We've already said that, ideally, the data and processing are scattered across the same racks and that the data is replicated on more than one node. In the context of our discussion last class, this enabled the data to be processed in parallel by more nodes that would be possible if it lived in only one place.It is pretty straight-forward to understand why. If the processing is located nearby the data, the more places we put the data, the more processing nodes have rapid access to it. When we talk about "nearby" we are measuring it in terms of the number of switches involved. We aren't going to put processing on the same host as the data. But, we might put it on the same rack and/or within a switch of that is pretty easily accomplished.

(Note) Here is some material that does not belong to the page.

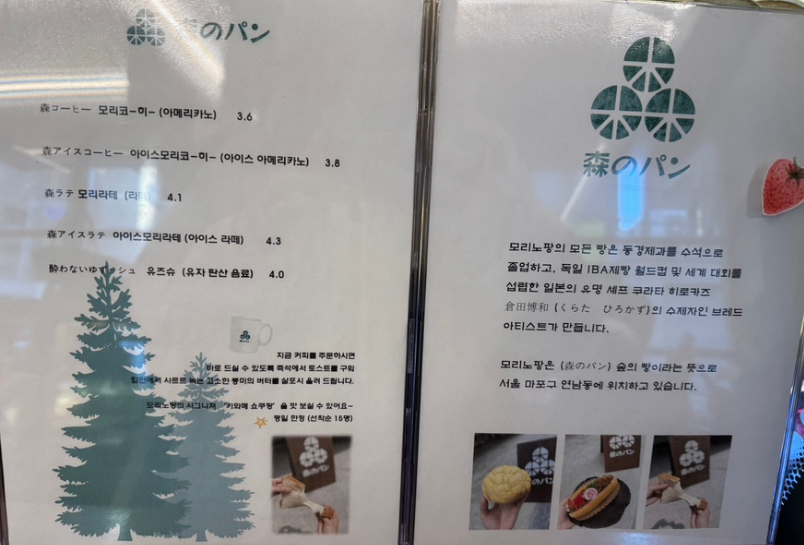안녕하세요! 오늘은 연남동에 위치한 감성 가득한 베이커리 카페, 모리노팡 에 대해 소개해 드릴게요. 이곳은 일본식 스타일의 베이커리로, 맛있는 빵과 함께 아늑한 분위기를 즐길 수 있는 곳이에요. 그럼, 모리노팡의 매력을 하나하나 살펴볼까요? 😊

By locating our data on distant nodes, we enable processing it in parallel by different sets of sufficiently nearby nodes. And, keeping in mind that portions of more than one data set might be sprinkled onto the same node, more replicas also enables better load balancing. It gives us more options about who can do the work.
So, How Many Replicas?
Back in the day, the Google paper suggested that the data was generally replicated three times. And, the Hadoop tutorial on HDFS describes their implementation of this policy: Two nearby replicas and one distant one. Okay, first, everyone, with me, "There ain't nothing special about three. There ain't nothing special about three."Ultimately, there are three goals for the replicas: (a) parallel access, (b) load balancing, and (c) data integrity. If we only have one copy, and that node fails -- bad day. If we only have two copies, and both nodes fail, bad day. You get the idea. The more the merrier. But, the probability of overlapping failures drops off pretty quickly.
Similarly, if all of our replicas are on one rack, and the switch fails, at last a temporary bad time. And, to be honest, we probably don't want to race around every time hardware fails -- but we'll explore that shortly.